Getting our name, interests, photographs of us, our friends, our family, and sometimes even our contact information, is as easy as offering a lollipop to a child.
Even if you're already well aware of how much your online information could be being tracked, I bet you've never seen it put into this context before. Click Take This Lollipop, select 'allow' and prepare yourself to be creeped out. In short, you're about to see something very familiar.

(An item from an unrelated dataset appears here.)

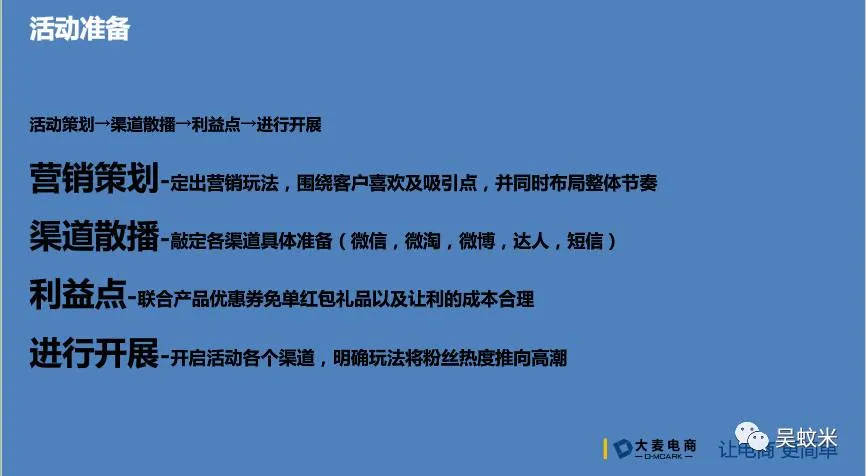 做全渠道散播,包括微信、微淘、微博、短信、视频、直播、其他站外流量。以微信传播节奏和各位蚊子会会员做分享。

If you would prefer not to click 'allow' until you know what you're getting yourself into, watch my version here:
[youtube http://www.youtube.com/embed/0DYFPupvo1Q?hl=en&fs=1 expand=1]
As several bloggers who have picked up the story point out, even though this may be an exaggeration of what is being done with information about you on the Internet, it makes a point by making you think twice next time you click the "allow" button.
The Next Web's Matt Brian writes:
Take This Lollipop plays on the fact that many people underestimate the power of social networks and the information that can be obtained from them, connecting to your Facebook account to play through a scene where a creepy man spying and tracking you.
It’s like a scene from one of the many horror films that have hit movie theaters in the past few years, showing a man in a somewhat abandoned house (complete with a tricycle in the corner of a room), obtaining information from your Facebook profile. Your photos, location and friends are all displayed, making you aware of what you willingly share on your Facebook account.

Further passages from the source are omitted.